Repeat the entries without change, omitting the pictures.
────────────────────
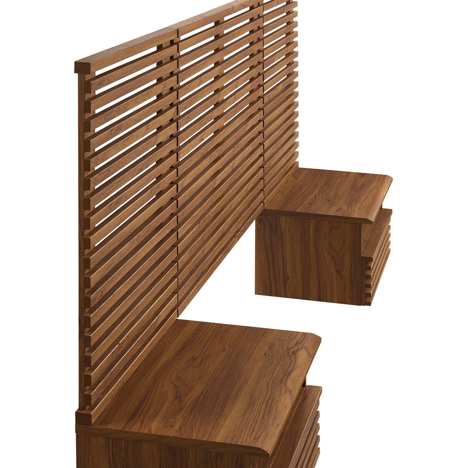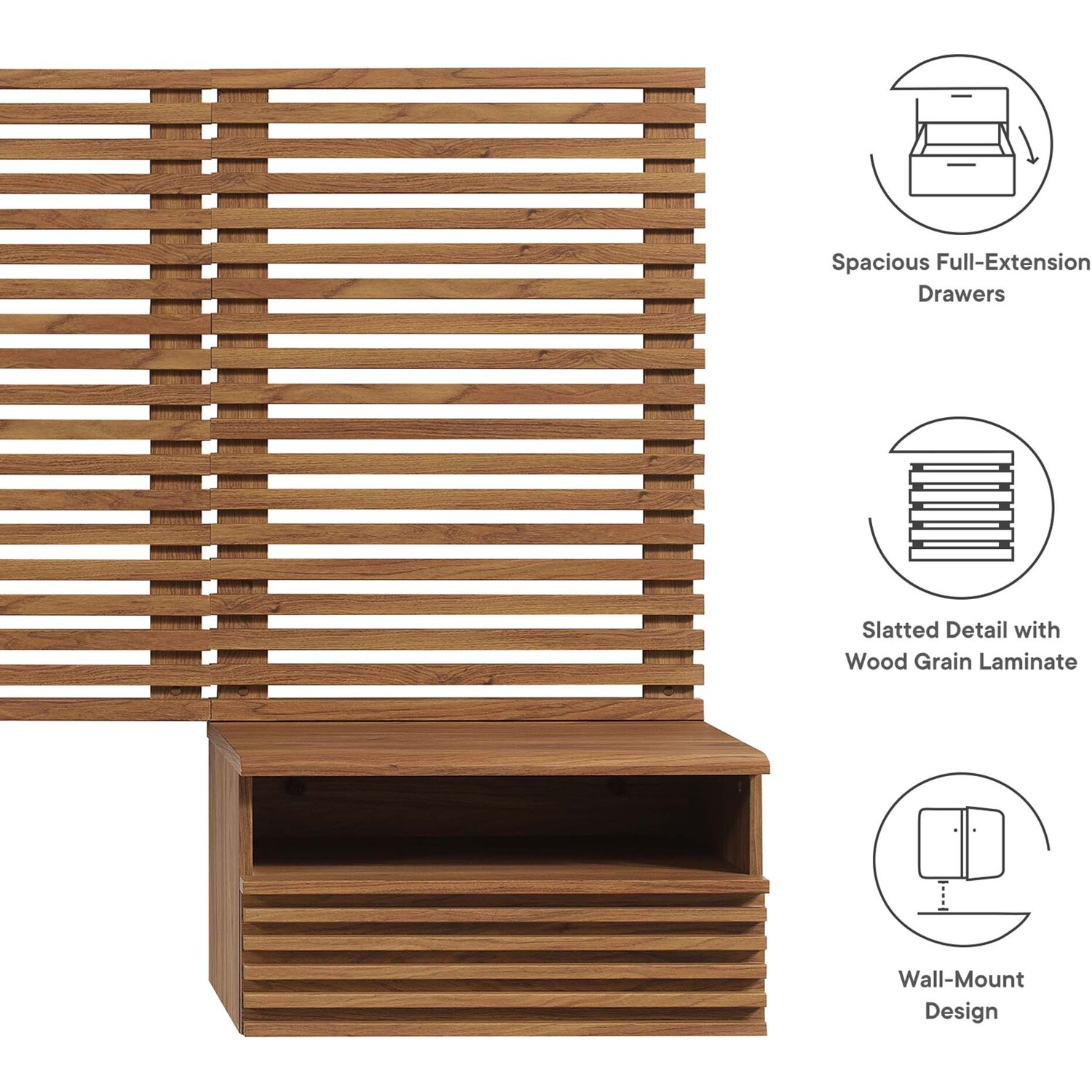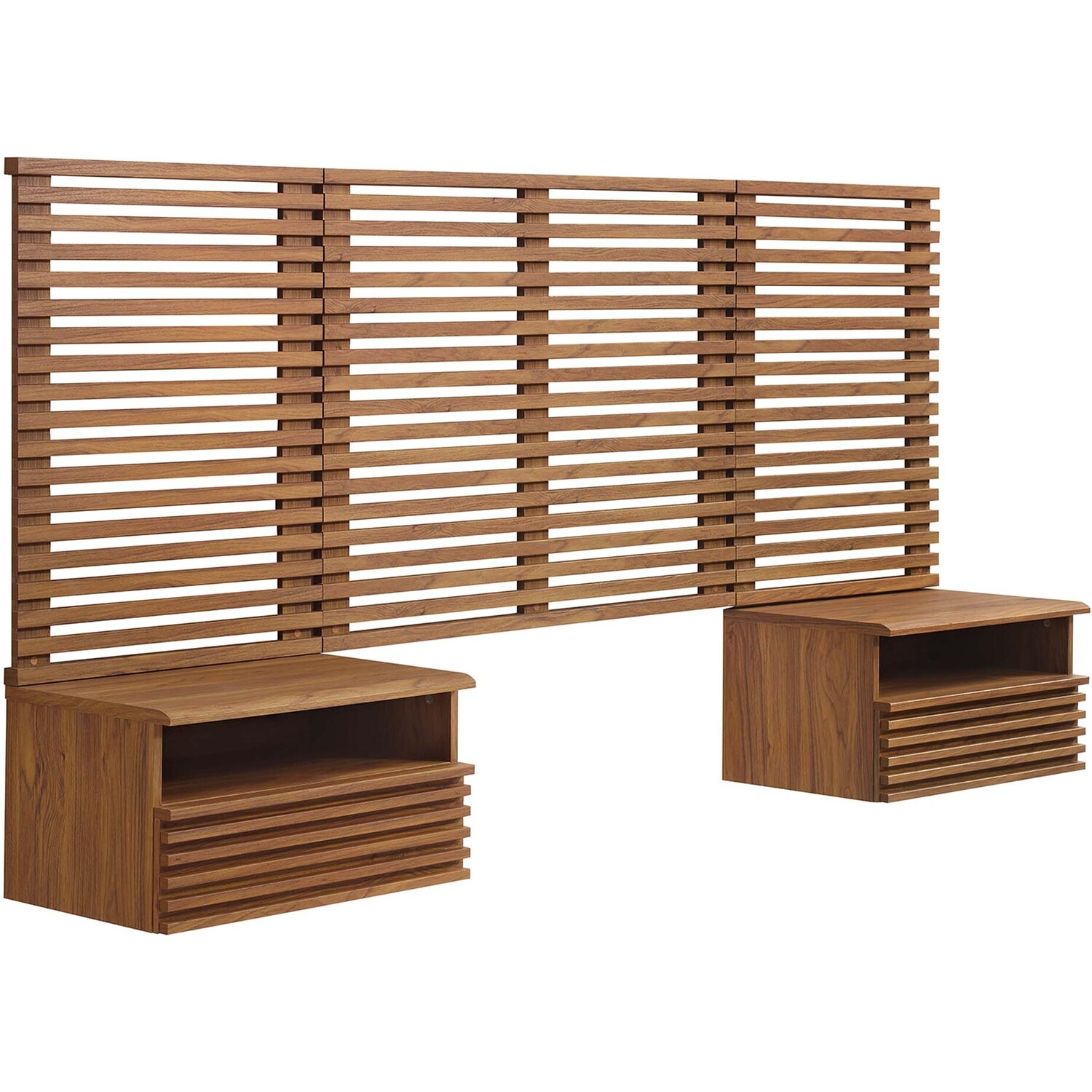 Tap into mid-century aesthetics with the Render Wall-Mount Twin Headboard and Nightstands Set. With slatted detail commanding a presence in a kid's bedroom or guest bedroom, this twin size headboard is a collection of panels that feature durable particleboard frames with smooth wood grain laminate. The full-extension glide drawers and open shelves on the nightstands offer ample storage space to keep bedside essentials neat and organized. Both the headboard and the 1-drawer nightstands mount directly to the wall at your desired height to create an eye-catching backdrop in the bedroom.Headboard and Nightstands Set
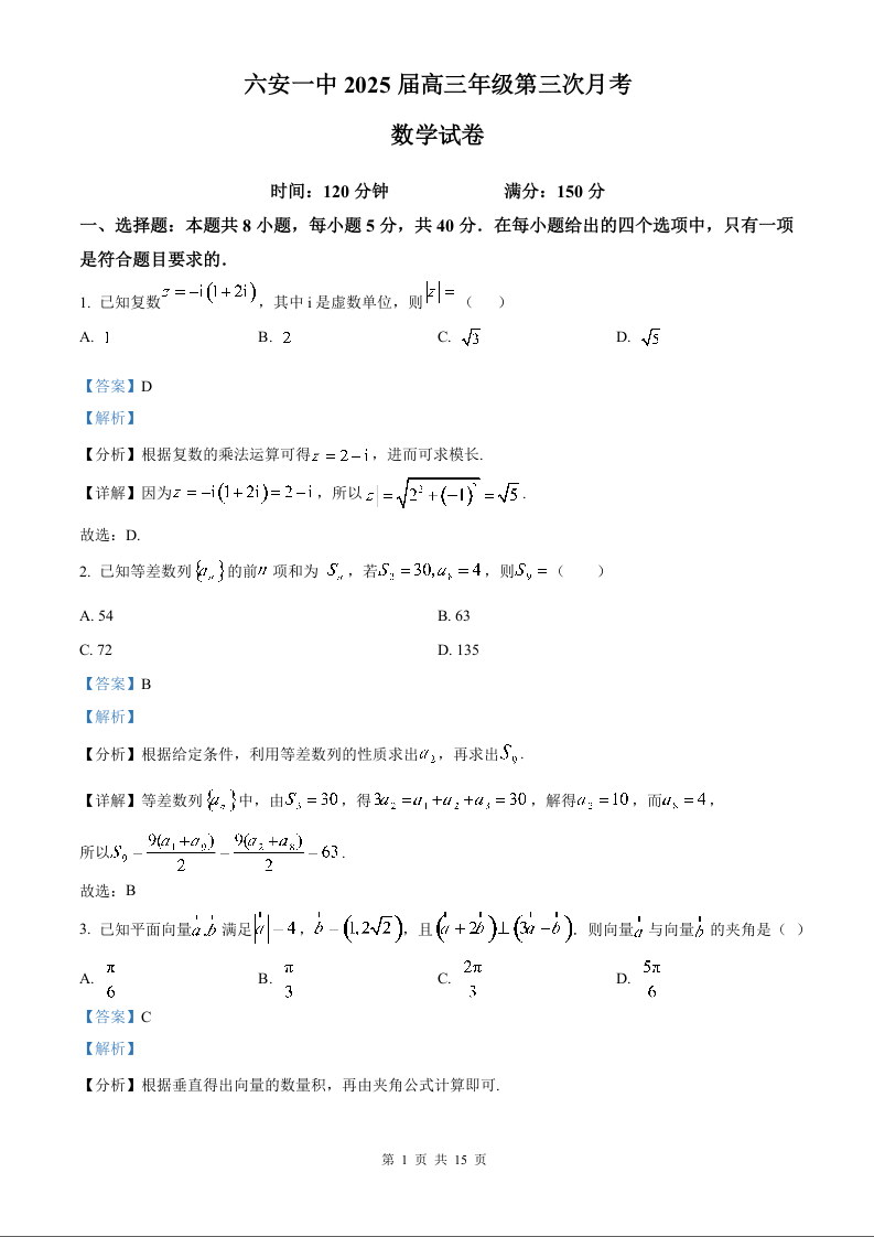 安徽省六安第一中学2025届高三上学期第三次月考(11月)数学答案
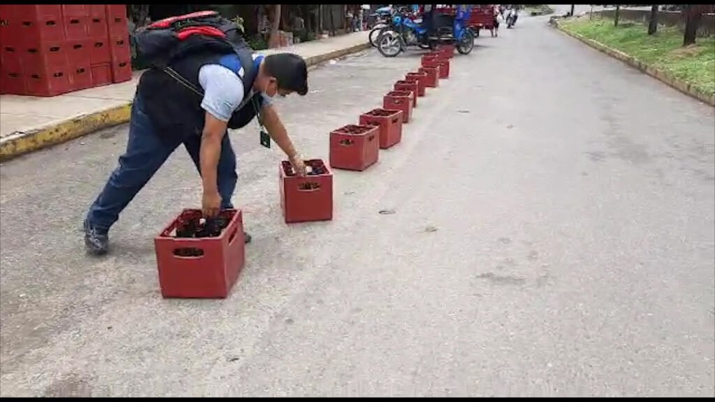 Un comerciante distribuidor de productos cítricos y bebidas alcohólicas, colocó cajas de cervezas en la cuadra 7 del transitado Jr. Tahuantinsuyo en el barrio Comercio con la finalidad que los vehículos no estacionen en el frontis de su negocio. Las cajas fueron colocadas en una extensión de 20 metros, cerrando la posibilidad que los conductores ubiquen sus unidades en dicho lugar.
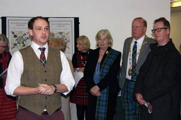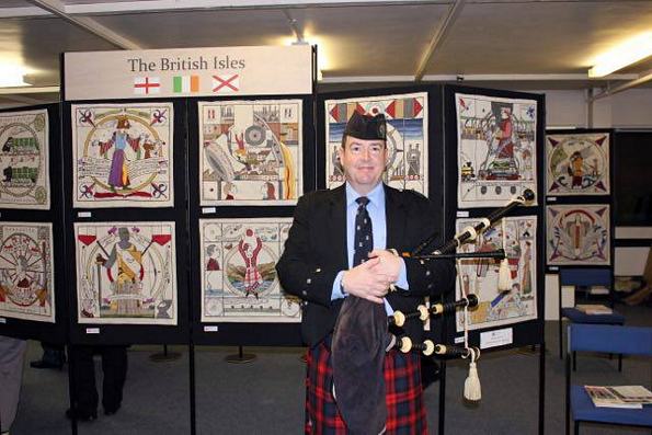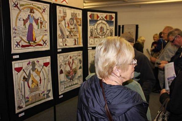And those radio words, press coverage and word of mouth from the proud stitchers brought a great crowd to the Opening Night on Monday November 24th. On the following days amongst those eager to see were local Labour MP Andy Sawford and Ian Cameron, Trustee of The Rooftop Gallery. "Very impressed we are." Also as was to be expected were Mr Scotland himself, John Douglas, and Judy Caine, former Mayor of Corby who helped us get organised in 2013 when stitching got going.
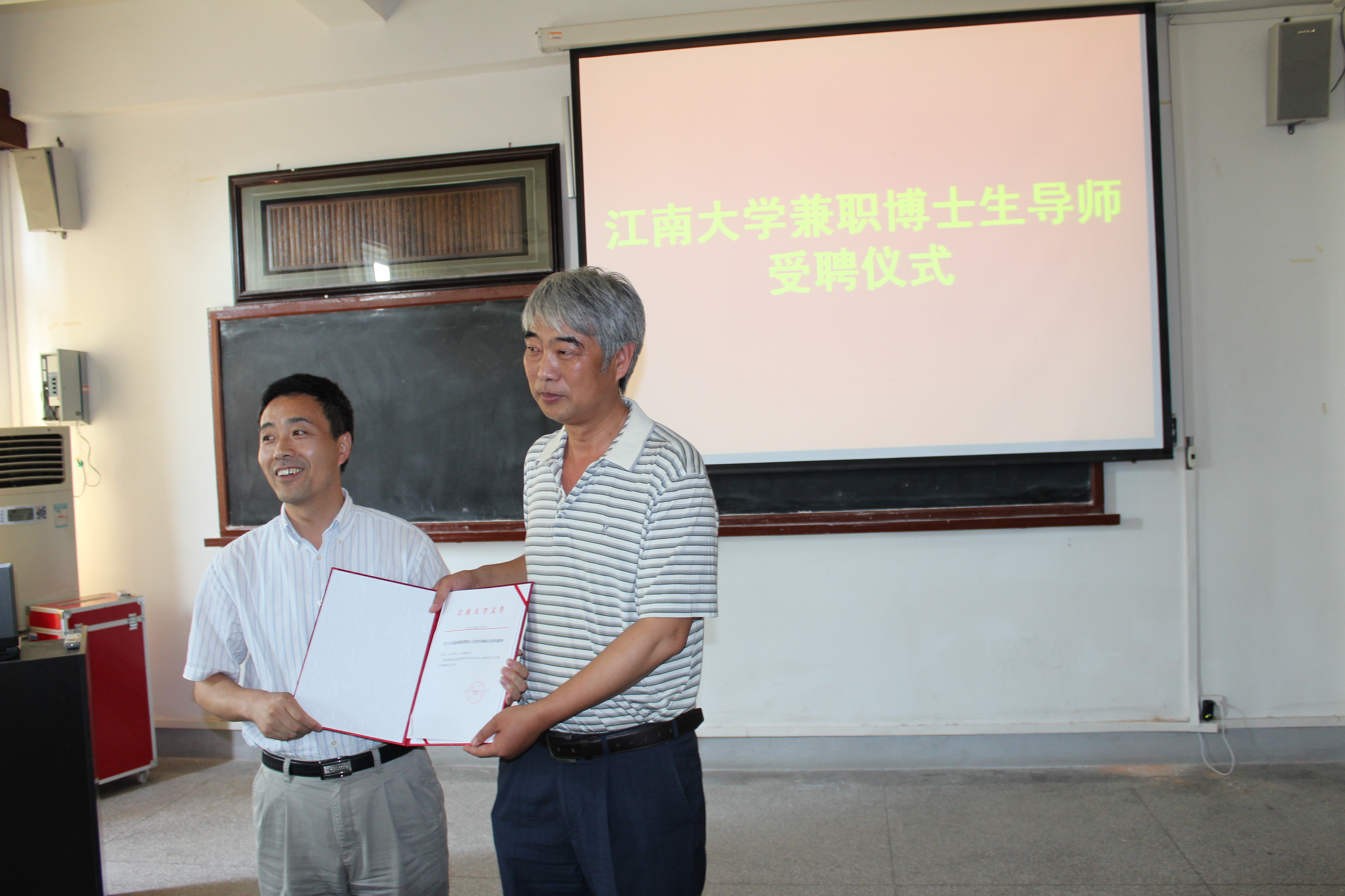 教授作为该校兼职博士生导师的文件,并为他们颁发聘书。受聘仪式结束后,陈其工、汤斌教授与江南大学的刘飞、
────────────────────
### [RESPONSE]
 Tap into mid-century aesthetics with the Render Wall-Mount Twin Headboard and Nightstands Set. With slatted detail commanding a presence in a kid's bedroom or guest bedroom, this twin size headboard is a collection of panels that feature durable particleboard frames with smooth wood grain laminate. The full-extension glide drawers and open shelves on the nightstands offer ample storage space to keep bedside essentials neat and organized. Both the headboard and the 1-drawer nightstands mount directly to the wall at your desired height to create an eye-catching backdrop in the bedroom.Headboard and Nightstands Set
 安徽省六安第一中学2025届高三上学期第三次月考(11月)数学答案
 Un comerciante distribuidor de productos cítricos y bebidas alcohólicas, colocó cajas de cervezas en la cuadra 7 del transitado Jr. Tahuantinsuyo en el barrio Comercio con la finalidad que los vehículos no estacionen en el frontis de su negocio. Las cajas fueron colocadas en una extensión de 20 metros, cerrando la posibilidad que los conductores ubiquen sus unidades en dicho lugar.
And those radio words, press coverage and word of mouth from the proud stitchers brought a great crowd to the Opening Night on Monday November 24th. On the following days amongst those eager to see were local Labour MP Andy Sawford and Ian Cameron, Trustee of The Rooftop Gallery. "Very impressed we are." Also as was to be expected were Mr Scotland himself, John Douglas, and Judy Caine, former Mayor of Corby who helped us get organised in 2013 when stitching got going.
 教授作为该校兼职博士生导师的文件,并为他们颁发聘书。受聘仪式结束后,陈其工、汤斌教授与江南大学的刘飞、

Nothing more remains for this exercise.